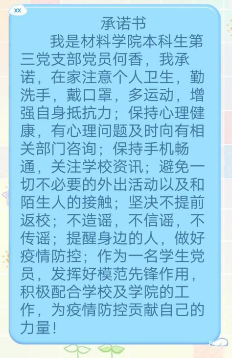 我承诺,在家注意个人卫生,勤洗手,戴口罩,多运动,增强自身抵抗力;保持心理健康,有心理问题及时提出;保持手机畅通,关注公司资讯;避免一切不重要的外出活动以及和陌生人的接触;坚决不提前返校;不造谣,不信谣,不传谣;提醒身边的人,做好疫情防控,保护好身边的人;作为一名员工党员,一定发挥好模范先锋作用,随时准备积极配合公司公司的工作安排,为疫情防控贡献自己的力量!待春暖花开,相聚湖大!
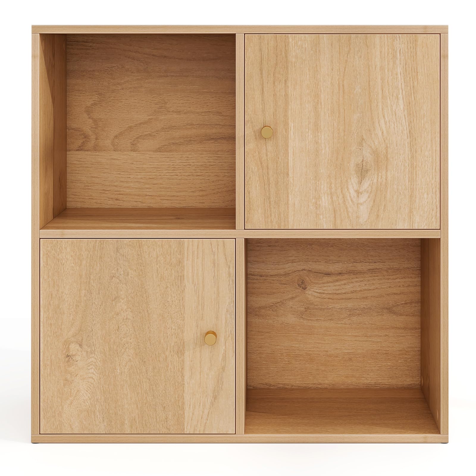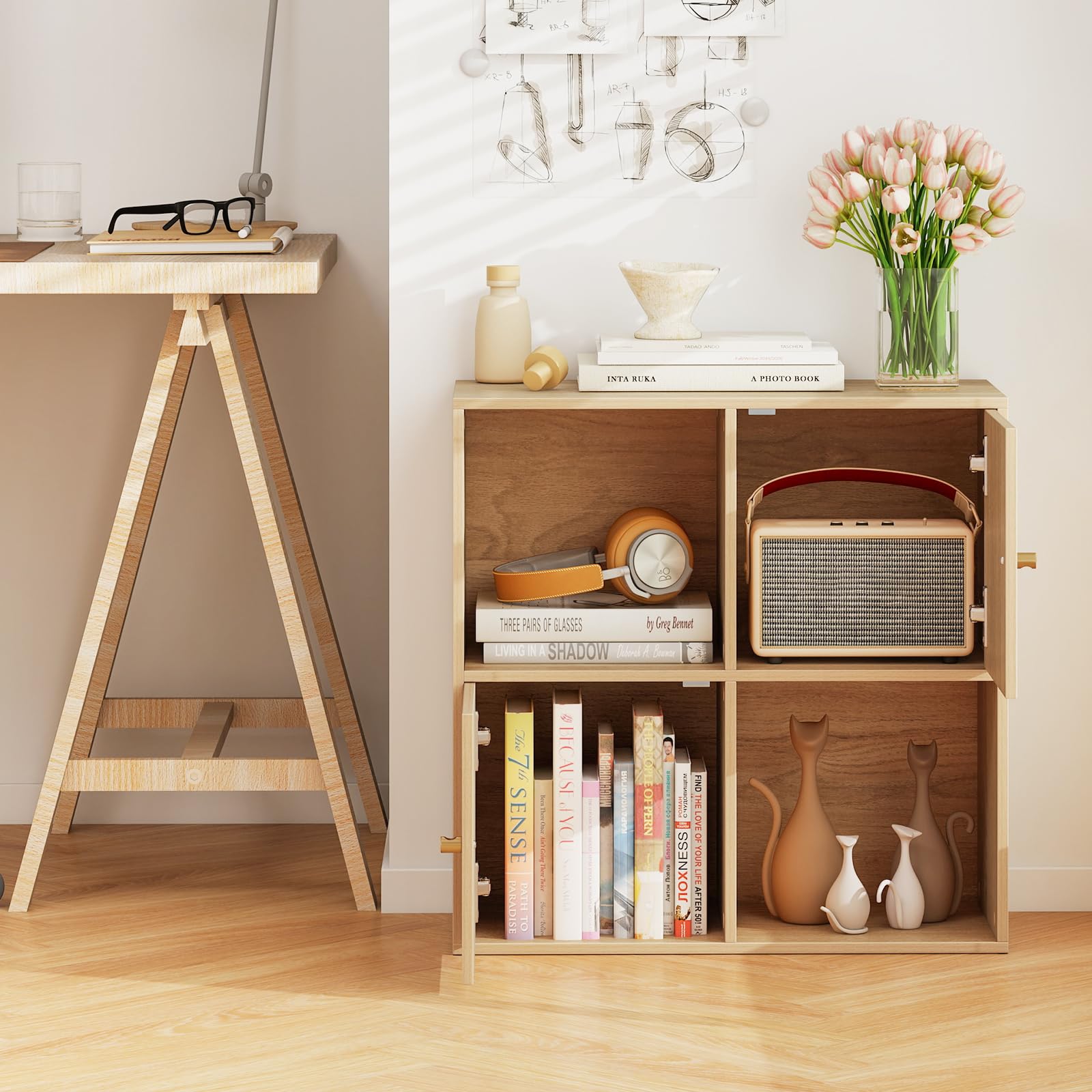 - [Versatile Storage Solution]: Enhance the organization of your space with this small bookcase featuring 2 open and 2 enclosed cubes. Perfect for storing books, albums, plants, ornaments, and more, while keeping clutter out of sight for a balanced and functional appeal.
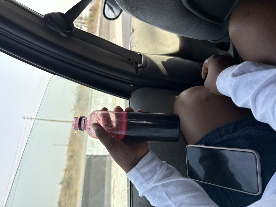 The image depicts a scene from inside a vehicle on a roadside in Keffi, Nigeria. A person with dark-toned skin is seated, wearing a white long-sleeved shirt and blue denim shorts. Their right hand holds a clear plastic bottle containing a dark purple liquid that fills approximately two-thirds of the bottle. Above the liquid, red residue is present on the interior walls of the bottle. A smartphone, housed in a light-colored case with a dark, inactive screen, rests horizontally on the person's left thigh. The vehicle's interior elements visible on the right include a dark gray door frame and a seatbelt mechanism attached to the B-pillar. Through the car window on the left, an exterior view of a multi-lane road is visible, featuring a low concrete barrier. Beyond the barrier, sparse green vegetation and two utility poles with overhead lines are discernible under a hazy, light sky. A side-view mirror is partially visible on the far right, reflecting a portion of the exterior.
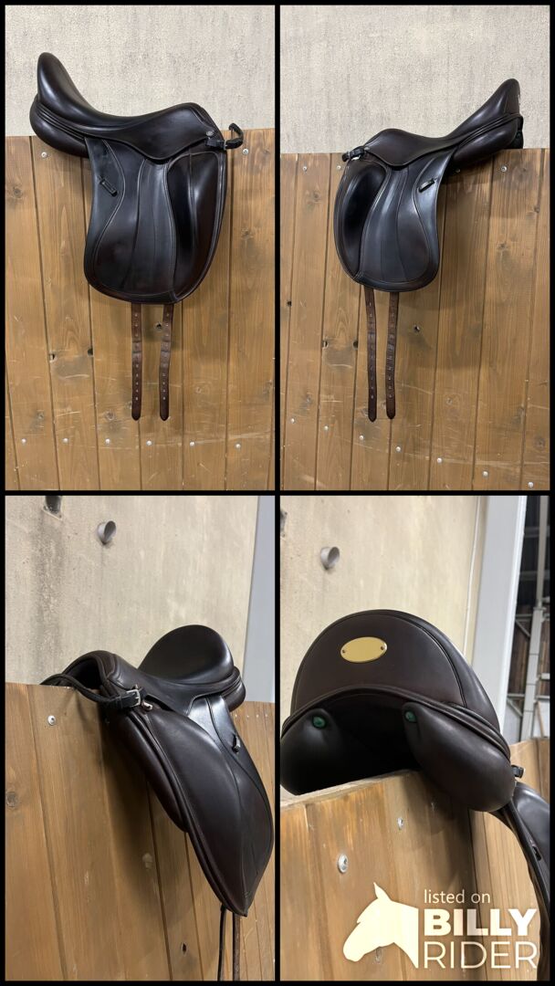 Equipe Glamour Dressur-Sattel - ein Equipe Glamor 17' Dressursattel in gutem Zustand. Schöne dunkle Schokolade Hautton, manchmal sieht es aus wie schwarz (schwer, in einem Foto zu erfassen). E-Carbon für die neueste Linie von Equipe Sätteln - der Sattel war noch nie so flexibel. Sättel aus Kohlefaser sind eine Gefahr für die Gesundheit von Pferd und Reiter. Einscheibig mit schmaler Wendung.
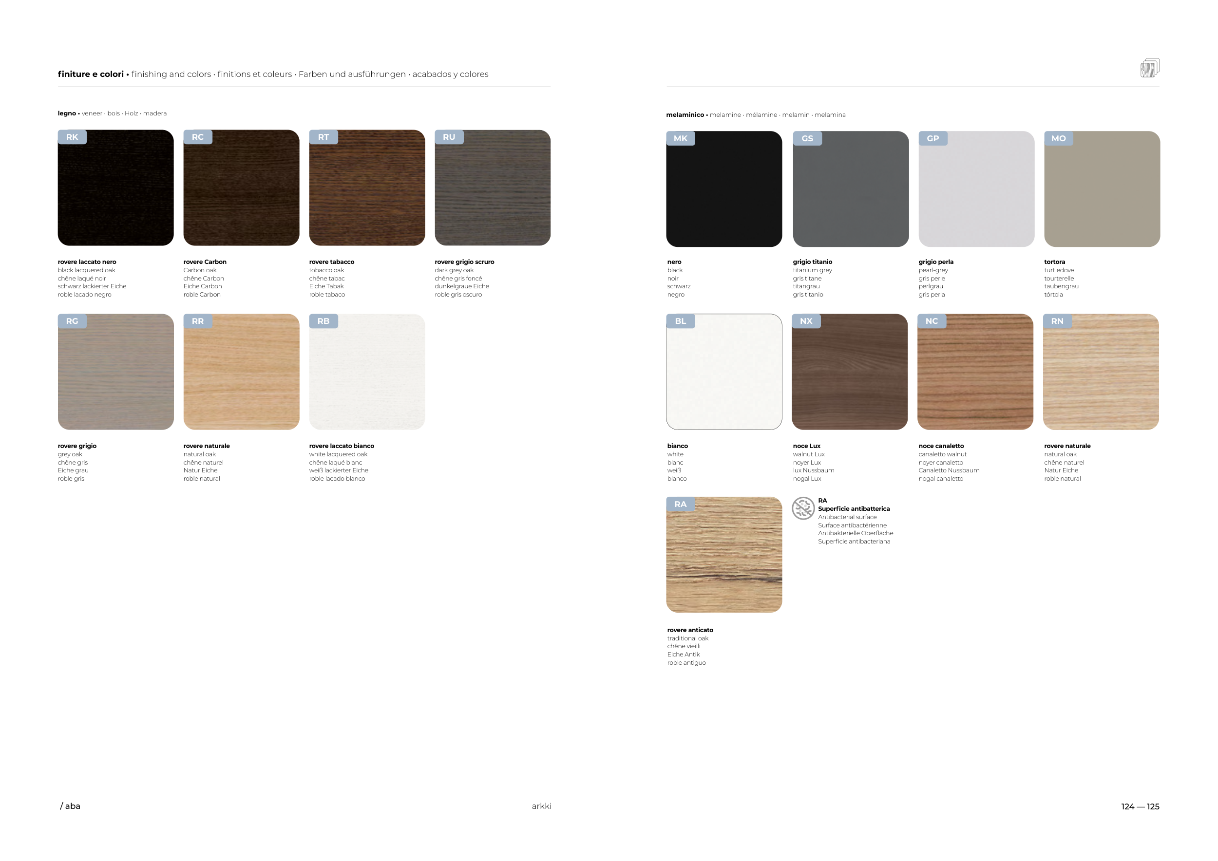 finiture e colori • finishing and colors • finitions et coleurs • Farben und ausführungen • acabados y colores

▶ About this task: Set down exactly, with no additions, each line from the line that includes "The image depicts" to the final line of the entries above; leave pictures out.

▶ Your response:
 The image depicts a scene from inside a vehicle on a roadside in Keffi, Nigeria. A person with dark-toned skin is seated, wearing a white long-sleeved shirt and blue denim shorts. Their right hand holds a clear plastic bottle containing a dark purple liquid that fills approximately two-thirds of the bottle. Above the liquid, red residue is present on the interior walls of the bottle. A smartphone, housed in a light-colored case with a dark, inactive screen, rests horizontally on the person's left thigh. The vehicle's interior elements visible on the right include a dark gray door frame and a seatbelt mechanism attached to the B-pillar. Through the car window on the left, an exterior view of a multi-lane road is visible, featuring a low concrete barrier. Beyond the barrier, sparse green vegetation and two utility poles with overhead lines are discernible under a hazy, light sky. A side-view mirror is partially visible on the far right, reflecting a portion of the exterior.
 Equipe Glamour Dressur-Sattel - ein Equipe Glamor 17' Dressursattel in gutem Zustand. Schöne dunkle Schokolade Hautton, manchmal sieht es aus wie schwarz (schwer, in einem Foto zu erfassen). E-Carbon für die neueste Linie von Equipe Sätteln - der Sattel war noch nie so flexibel. Sättel aus Kohlefaser sind eine Gefahr für die Gesundheit von Pferd und Reiter. Einscheibig mit schmaler Wendung.
 finiture e colori • finishing and colors • finitions et coleurs • Farben und ausführungen • acabados y colores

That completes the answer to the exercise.